# Eclipse Plugin-Projekt inkl. Hibernate FEHLER



## SteffenPeil (14. August 2006)

Hallo zusammen,
ich habe mit Hilfe von Eclipse ein Plugin-Project RCP erstellt in der ich auch Hibernate nuzten möchte für meine Datenbankzugriffe.

Leider erhalte ich beim ersten Zugriff direkt einen Fehler. Kann mir jemand sagen, warum beim Aufruf von Hibernate er die Klassen nicht mehr zuordnen kann?

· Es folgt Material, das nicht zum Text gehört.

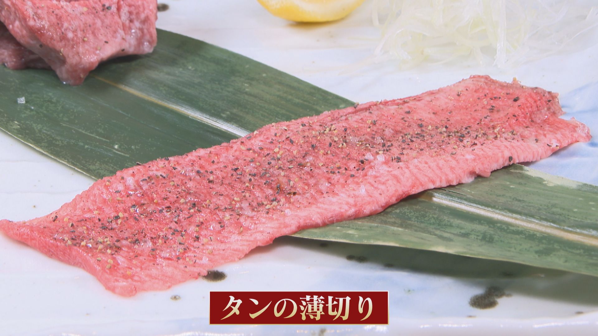 それぞれの部位に合わせた「切り方」にもこだわりがあるご主人。 タンは縦に薄切りで味わうのがオススメとのこと。 サクサク食感が楽しめます。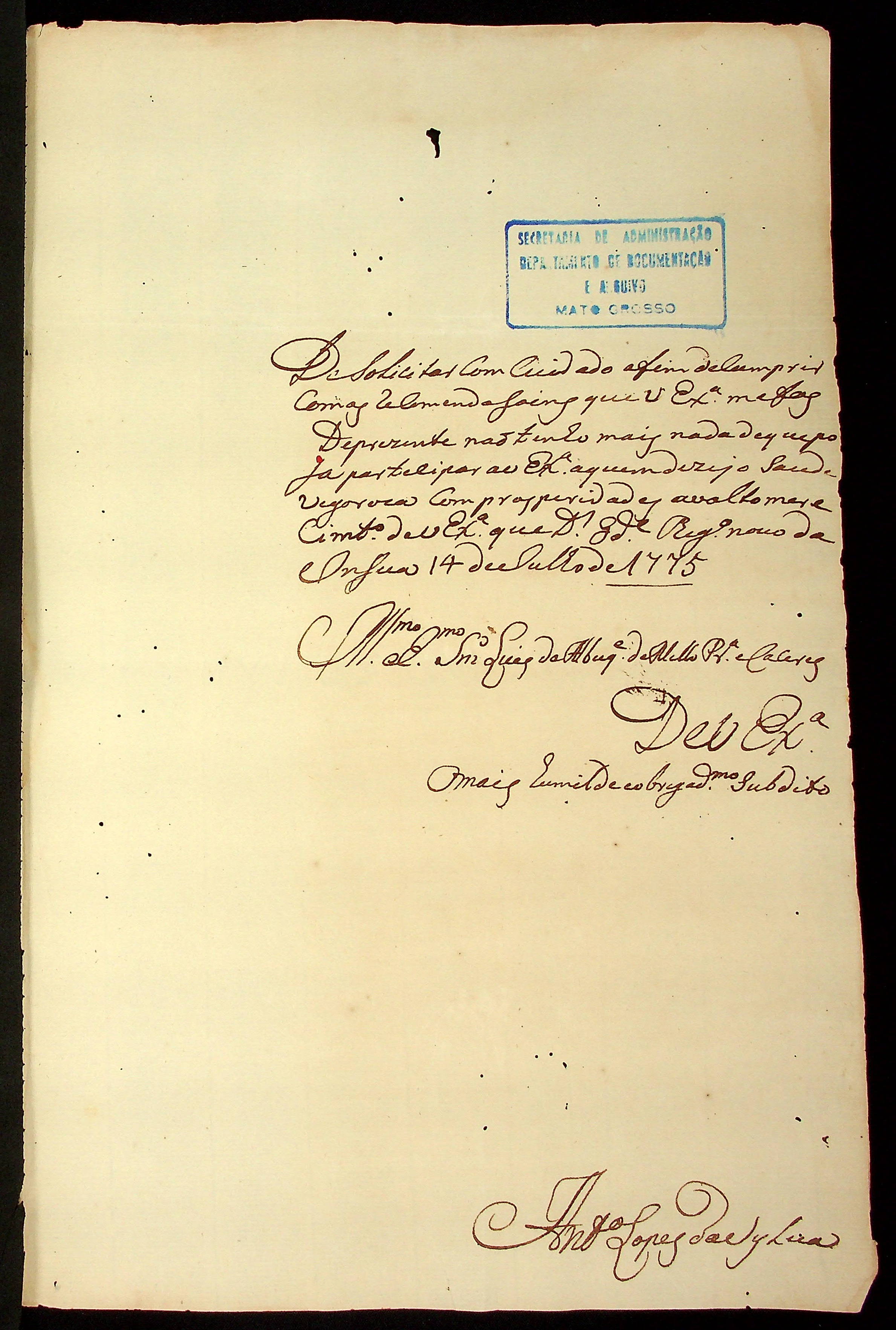 CARTA de Antônio Lopes da Silva ao Governador e Capitão-General da Capitania de Mato Grosso Luiz de Albuquerque de Mello Pereira e Cáceres.

Über jede Hilfestellung wäre ich sehr dankbar! 

Gruß S.Peil

MESSAGE Unresolved compilation problems: 
	The method currentSession() is undefined for the type HibernateSessionFactory
	Transaction cannot be resolved to a type
	session cannot be resolved
	session cannot be resolved
	Restrictions cannot be resolved
	HibernateException cannot be resolved to a type

!STACK 0
java.lang.Error: Unresolved compilation problems: 
	The method currentSession() is undefined for the type HibernateSessionFactory
	Transaction cannot be resolved to a type
	session cannot be resolved
	session cannot be resolved
	Restrictions cannot be resolved
	HibernateException cannot be resolved to a type

	at com.we4it.skill.hibernate.mappings.user.HibernateUser.login(HibernateUser.java:38)
	at com.we4it.skill.gui.LoginNavigationView.checkAuthority(LoginNavigationView.java:259)
	at com.we4it.skill.gui.LoginNavigationView.access$1(LoginNavigationView.java:251)
	at com.we4it.skill.gui.LoginNavigationView$2.widgetSelected(LoginNavigationView.java:99)
	at org.eclipse.swt.widgets.TypedListener.handleEvent(TypedListener.java:89)
	at org.eclipse.swt.widgets.EventTable.sendEvent(EventTable.java:66)
	at org.eclipse.swt.widgets.Widget.sendEvent(Widget.java:844)
	at org.eclipse.swt.widgets.Display.runDeferredEvents(Display.java:2929)
	at org.eclipse.swt.widgets.Display.readAndDispatch(Display.java:2562)
	at org.eclipse.ui.internal.Workbench.runEventLoop(Workbench.java:1694)
	at org.eclipse.ui.internal.Workbench.runUI(Workbench.java:1658)
	at org.eclipse.ui.internal.Workbench.createAndRunWorkbench(Workbench.java:366)
	at org.eclipse.ui.PlatformUI.createAndRunWorkbench(PlatformUI.java:143)
	at com.we4it.skill.Application.run(Application.java:18)
	at org.eclipse.core.internal.runtime.PlatformActivator$1.run(PlatformActivator.java:226)
	at org.eclipse.core.runtime.adaptor.EclipseStarter.run(EclipseStarter.java:375)
	at org.eclipse.core.runtime.adaptor.EclipseStarter.run(EclipseStarter.java:162)
	at sun.reflect.NativeMethodAccessorImpl.invoke0(Native Method)
	at sun.reflect.NativeMethodAccessorImpl.invoke(Unknown Source)
	at sun.reflect.DelegatingMethodAccessorImpl.invoke(Unknown Source)
	at java.lang.reflect.Method.invoke(Unknown Source)
	at org.eclipse.core.launcher.Main.invokeFramework(Main.java:334)
	at org.eclipse.core.launcher.Main.basicRun(Main.java:278)
	at org.eclipse.core.launcher.Main.run(Main.java:973)
	at org.eclipse.core.launcher.Main.main(Main.java:948)


----------



## kroesi (14. August 2006)

Hi !

Ich hab irgendwo mal gelesen, daß dieses Problem mit dem Classloader von Eclipse zu tun hat. Dazu gibt es wohl Hinweise in der Hibernate-Dokumentation. Mehr weiss ich allerdings nicht.

Gruss,

Krösi


----------



## fuzzycontrol (23. August 2006)

poste doch mal den aufrufenden Code und den Inhalt der HibernateSessionFactory


----------